Diversity matters tremendously to me, but it’s also hard to tell how programs and percentages affect experience. I joined my team of ~30 as the second woman, and frankly, I was prepared to be miserable until I proved myself. Very fortunately, my team is mostly the type of person that doesn’t make a lot of identity-based assumptions. This type of quality may be easy to tell for sharp people-readers, but otherwise there’s no good question for it.
I loooved asking people about mentorship and companies always had a canned answer something among the lines of “we have senior engineers who love mentoring!!” However, if every company already has a spiel for a question, that probably means the question is useless.
How a company thinks about mentorship matters infinitely less than what it does to promote mentorship. The answer to “what’s your mentorship culture” means nothing. “What’ss your onboarding process for new engineers” and “what kind of technical support are senior engineers expected to give” gives stronger signal. No process and no expectations doesn’t necessarily mean no mentorship; you will just have to fight harder to get help. It swings the burden of mentorship to culture and individual kindness instead of process, which is more unpredictable but maybe more organic. I’ve noticed shyer people tend to be more comfortable with clarity and process.

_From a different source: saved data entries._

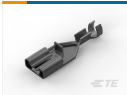
TE Part # 170333-1 PL 250 RECEPTACLE 22-18 AWG PTPBR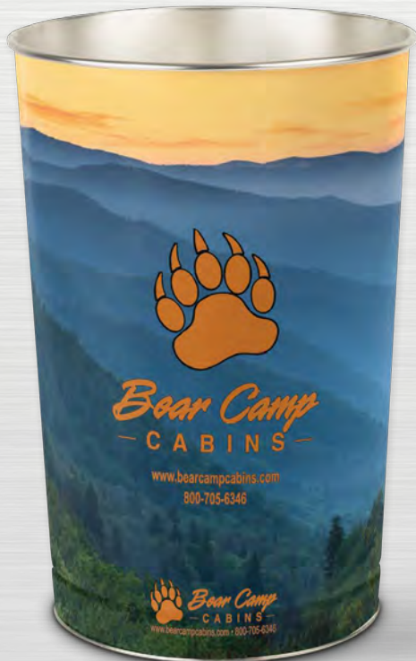
15" LARGE WASTEBASKET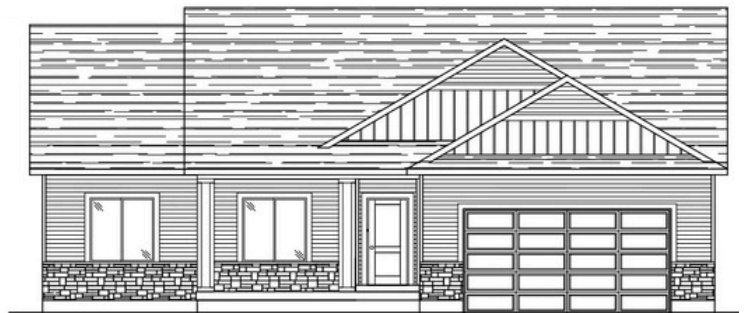
CRAFTSMAN B ELEVATION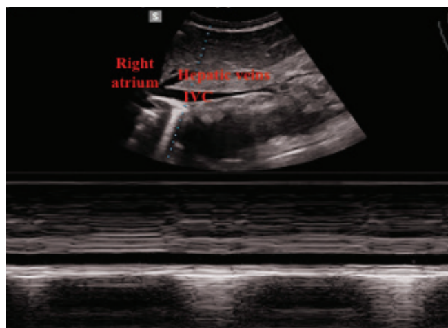
Fig. 1. M-Mode images of the inferior vena cava draining into the right atrium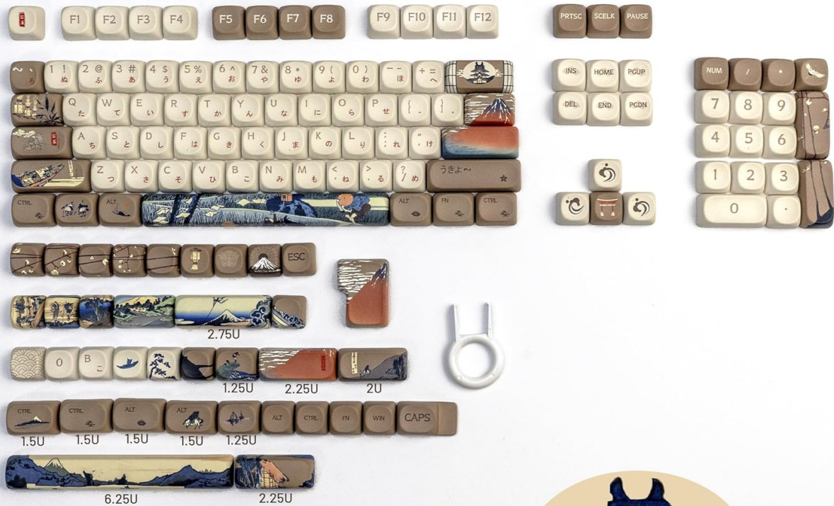
Figure 2.1: The complete 140-keycap set, including various sizes and a keycap puller, showcasing the Japanese Fuji Mountain theme.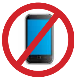
Cell phones silent

During oral sessions conducted during Society meetings, unauthorized photography, videotaping, and audio recording is strictly prohibited for two reasons: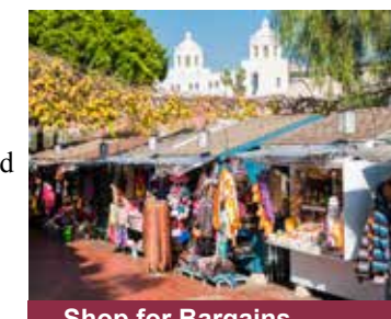
Shop for Bargains

However, currency speculation is NOT our business, so rather than gamble, we try to take a much more conservative approach and we purchase forward contracts in the foreign currencies that we use. These allow us to lock in an exchange rate well in advance and protect us against the violent swings of the markets. This system has allowed us to never have to invoke the clause in our terms and conditions that says we can charge you a foreign currency "surcharge," quite a common practice amongst other tour operators.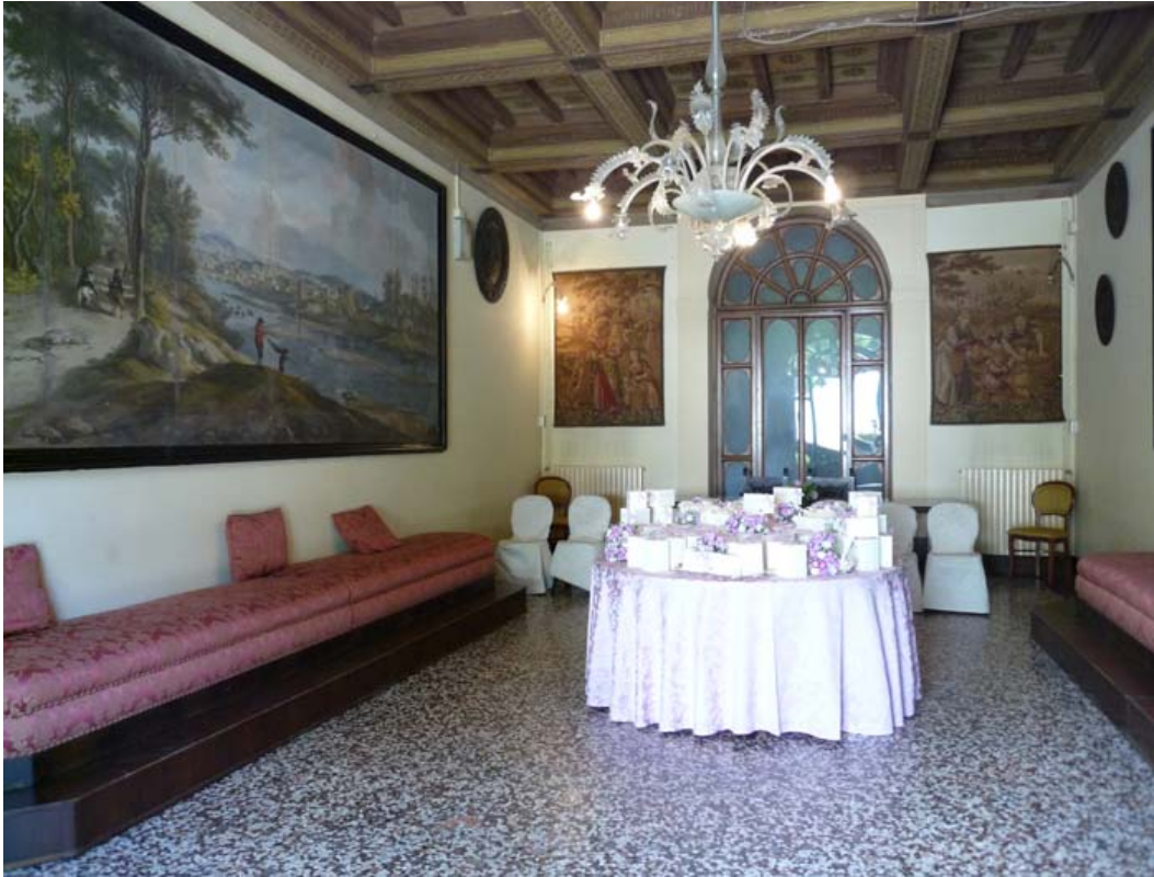
Main entrance of the villa.

Judging quality of mentorship from a company is thus a mix of evaluating process and culture.
The goal of mentorship, to me, is to make the junior engineer independent, and independence means owning shit. My biggest qualm about returning to Airbnb was feeling like I couldn’t “own a big enough piece of the pie” (literal words I used), and even in retrospect I have no idea what I thought ownership meant.
Since working, I’ve seen both desirable and undesirable ownership. In some companies, junior engineers are given a lot of ownership, but over dead-end projects that no one else wants. Of course, one starts from the bottom in the beginning of any career, but some software engineering tasks are purely operations, and owning them does not help in acquiring more advanced projects.
Owning desirable projects comes down to whether the team a) has desirable projects b) trusts or needs a relatively new person to own them. My team was constantly overbooked last quarter: while unsustainable long term, it meant I was able to lead both an asset launch and a major production migration as someone who’s never done either. This was a boon to my learning. How fast it happened was entirely based on the available opportunities, which was partially a stroke of luck, but also entirely dependent on the company having ambitious goals and my team being needed to fulfill them.